Along with the 6% forecast for Q2, UOB maintains Vietnam’s annual growth forecast at 6% for the year.
Singapore-based United Overseas Bank (UOB) forecasts that Vietnam's GDP will grow by 6% in the second quarter, reflecting the positive trajectory of the country's economic growth.
Electronics production at 4P Company in Hung Yen Province. Photo: Pham Kien/The Hanoi Times |
This forecast is based on data up to the end of May, indicating that domestic economic activities are progressing well, with strong performance in exports and Foreign Direct Investment (FDI), noted the bank.
In its latest report, UOB pointed out that one of the key indicators supporting this forecast is last month's Purchasing Managers' Index (PMI), which reached 50.3 according to a survey by S&P Global. This marks the fourth increase in five months, pointing to sustained growth momentum. Additionally, the Industrial Production Index (IIP) rose by 6.8% in the first five months of the year compared to the same period in 2023, as reported by the General Statistics Office.
Exports also posted double-digit growth last month. Since the beginning of the year, FDI has increased by 7.8% compared to the same period last year, reaching US$8.3 billion, the fastest five-month growth since 2018.
"This indicates that investors continue to have confidence in Vietnam's political environment and its competitiveness," stated the UOB.
The Singaporean bank pointed out that domestic economic activities are on the right track, with total retail sales of goods and consumer services revenue continuing to improve.

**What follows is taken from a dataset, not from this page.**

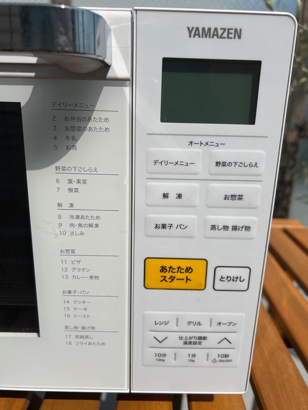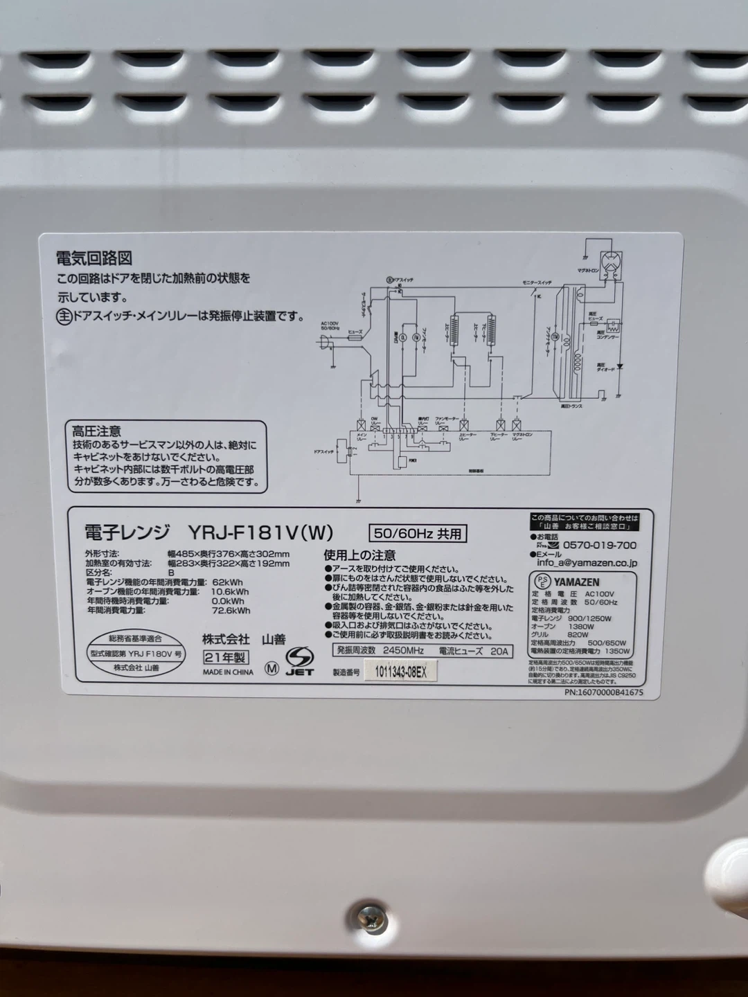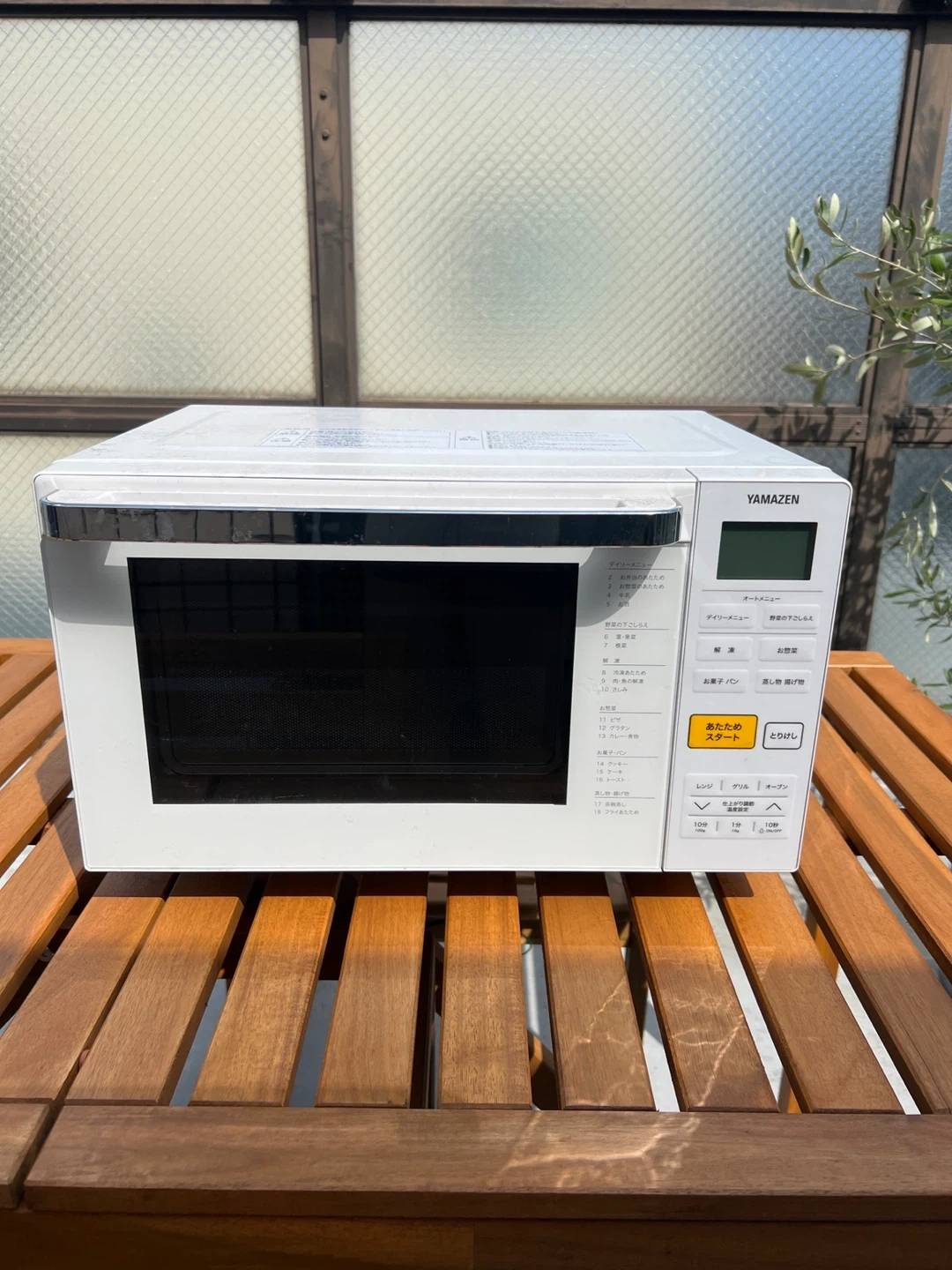 普通の電子レンジです。 レンジ、グリル、オーブンの機能があります。 引越しのため出品します。 【情報】 ブランド:ヤマゼン 型番:YRJ-F181V(W) 年式:21年製 色:ホワイト サイズ:幅485×奥行376×高さ302mm 【状態】 使用感少なめ 中古品であることご了承ください。 動作確認済み 庫内が冷めるまでファンがまわることがありますが、しばらくすると止まります。

This growth is supported by the hospitality, accommodation, and tourism sectors.
In Q1, Vietnam's economy grew by 5.66%. Along with the 6% forecast for Q2, UOB maintains Vietnam’s annual growth forecast at 6%, aligning with the Government’s target range of 6-6.5%.
The bank expects the State Bank of Vietnam to keep its key policy interest rates unchanged for the rest of the year. This decision aims to balance a stable domestic economic recovery, moderate inflationary pressures, and exchange rate conditions.
In Q2, the Vietnamese dong (VND) was affected by the strength of the US dollar, trading at a record low of nearly VND25,500 per US$. However, UOB believes that the VND could recover in the latter half of the year as the pressure from the US$ eases, particularly with the anticipated rate cuts by the US Federal Reserve in September.
Additionally, the VND could benefit from the recovery of the Chinese yuan over the next six months as China's economy shows clearer signs of stabilization. Therefore, UOB forecasts the USD/VND exchange rate at VND25,200 in Q3 and VND25,000 in Q4.